Information shown:

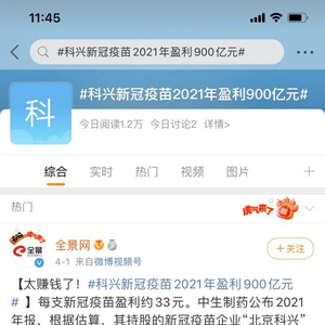 近期“科兴新冠疫苗2021年报盈利900亿”在微博上引发了热议。
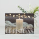 Linda vela branca, ornamentos e cobertores jogam na frente deste cartão de cartões de natal plano com Feliz Natal em letra chica e sua saudação personalizada nas costas. Selecione Matte para o papel mais pesado e alta definição para melhor qualidade de impressão.
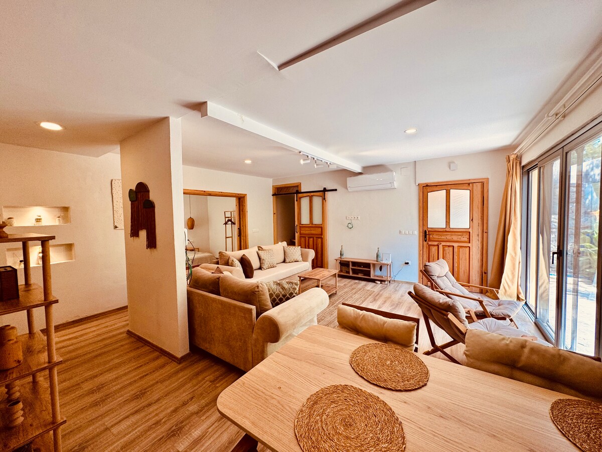 Nuestra villa independiente con piscina está lista con una vista magnífica. Tiene dos habitaciones y un total de 4 camas. Cada habitación tiene aire acondicionado. Hay una barbacoa con iluminación en el jardín. Lavavajillas, horno, televisión, lavadora. Hay una plancha y un secador de pelo. Vacaciones en un ambiente extraordinario, ya que tiene techos altos. Elíjanos si desea una habitación con techo alto o una habitación con techos altos. Todos los encuentros y la salida de la villa serán hechos personalmente por mí. Nos vemos pronto.
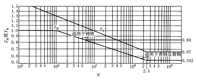 图3 寿命系数ZN及YN 注:N为应力循环次数。稳定载荷时:N=60n2t 变载荷时:

Prompt: Nothing but the listing, copied exactly and stripped of its images, should appear in the response.

Solution for this exercise:
 近期“科兴新冠疫苗2021年报盈利900亿”在微博上引发了热议。
 Linda vela branca, ornamentos e cobertores jogam na frente deste cartão de cartões de natal plano com Feliz Natal em letra chica e sua saudação personalizada nas costas. Selecione Matte para o papel mais pesado e alta definição para melhor qualidade de impressão.
 Nuestra villa independiente con piscina está lista con una vista magnífica. Tiene dos habitaciones y un total de 4 camas. Cada habitación tiene aire acondicionado. Hay una barbacoa con iluminación en el jardín. Lavavajillas, horno, televisión, lavadora. Hay una plancha y un secador de pelo. Vacaciones en un ambiente extraordinario, ya que tiene techos altos. Elíjanos si desea una habitación con techo alto o una habitación con techos altos. Todos los encuentros y la salida de la villa serán hechos personalmente por mí. Nos vemos pronto.
 图3 寿命系数ZN及YN 注:N为应力循环次数。稳定载荷时:N=60n2t 变载荷时:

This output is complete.